Farmer Eva taught me the glories contained in a good salad,
with lots of lively herbs, and I am so grateful. Even now, without an incredible
garden to pick from, I can pull together a salad quickly and easily remembering
her motto: You can never combine too many herbs and greens.
Maybe it's the fact that I'm now just six weeks away from fitting
into a hand-sewn wedding dress (by my amazing mother) that's driven me salad-crazy; or maybe it's the fact that New England has finally transformed from a white snow castle into a green and edible wonderland. But health and seasons aside, making and eating salad is a rejuvenating activity—one that I plan to practice far into the future.
My 2015 SALAD MANIFESTO:
- Choose vegetables you like.
- Prepare ahead! Peel, chop and cook as many vegetables & store 'em in the fridge.
- Have plenty of lemons on hand for simple lemon & olive oil vinaigrette. So fresh!
- Use great olive oil.
- Use more herbs than you think necessary.

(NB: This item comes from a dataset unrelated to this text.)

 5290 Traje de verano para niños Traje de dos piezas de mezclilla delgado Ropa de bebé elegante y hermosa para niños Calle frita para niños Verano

- Remember that warm salads are a thing (especially with grains.)
- Toss the salad gently.
- Add spices for texture and flavor.
- Remember that salad is like love; it's only as good as you make it.
- Eat beautiful salad every day.
Jars of salad-ready vegetables to store in the fridge. |
Asparagus & egg salad |
Tamar Adler, author of An
Everlasting Meal, uses the "prepare ahead" method to have plenty
of vegetables on hand for every meal. Her method:
"Each week I buy whole bunches of the leafiest, stemmiest vegetables I can find. Then I scrub off the dirt, trim off their leaves, cut off their stems, peel what needs peeling, and cook them all at once. By the time I've finished, I've drawn a map of the week's meals..."

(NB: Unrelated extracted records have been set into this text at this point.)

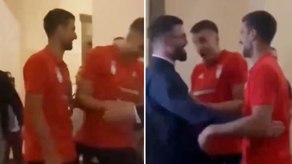 U želji da se pozdravi sa Novakom, Crnogorčević je stao ispred njega i Bogdana Bogdanovića, a košarkaš ga nije uočio, pa je slučajno glavom udario u tvorca stihova "Veseli se srpski rode". Naravno, taj trenutak nijie uticao na sjajno raspoloženje, koje je eruptiralo kada su se ti stihovi zapevali iz grla sportista i desetina hiljada navijača.
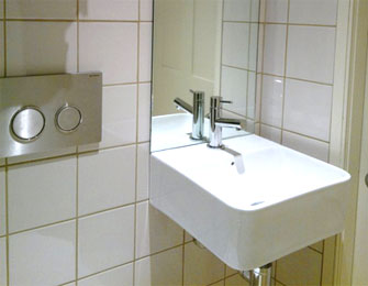 A small but beautifully formed wet room. The use of mirror and glass play well placed visual tricks in stretching these internal walls.
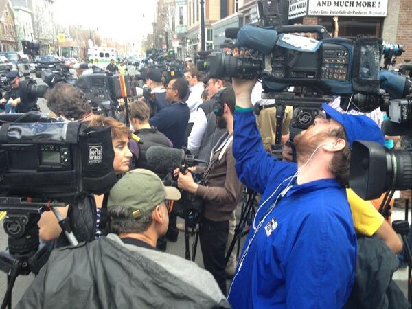 Am in the middle of this crush of media... Police have moved us closer to home... waiting... #cnn #cambridgepic.twitter.com/vdI4b54osE
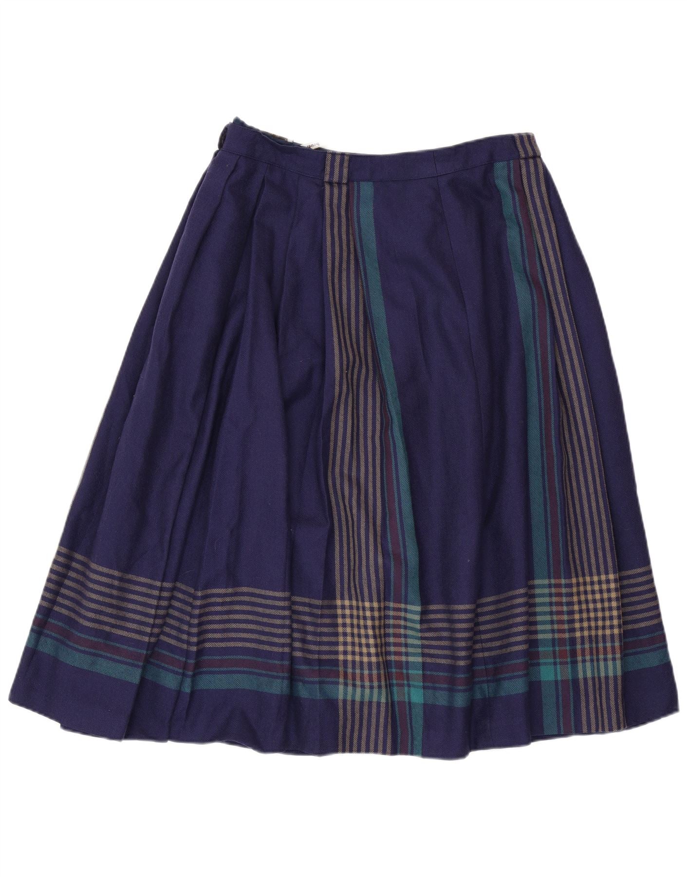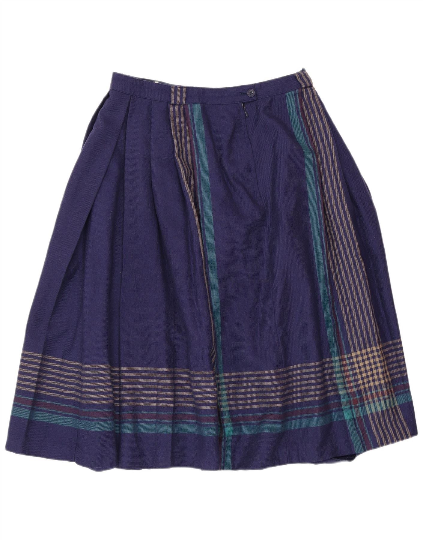 BRUESTLE Womens Pleated Skirt EU 42 Large W30 L28 Navy Blue Striped Wool
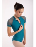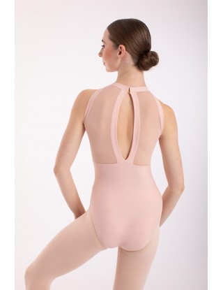 Justaucorps col officier, sans manche avec empiècement en tulle stretch et ouverture dans le dos. Fermeture au col.

It's all about that bit of effort spent
once a week in breaking down the vegetables and cooking them (boiling, roasting, etc) so they are ready to go. If salad making is an art, then having the
ingredients prepped and ready is like having the paint on your palate. From
there it's just a colorful creation that follows Michael Pollan's mantra:
"Eat food. Mostly plants. Not too much."
What is
your favorite salad?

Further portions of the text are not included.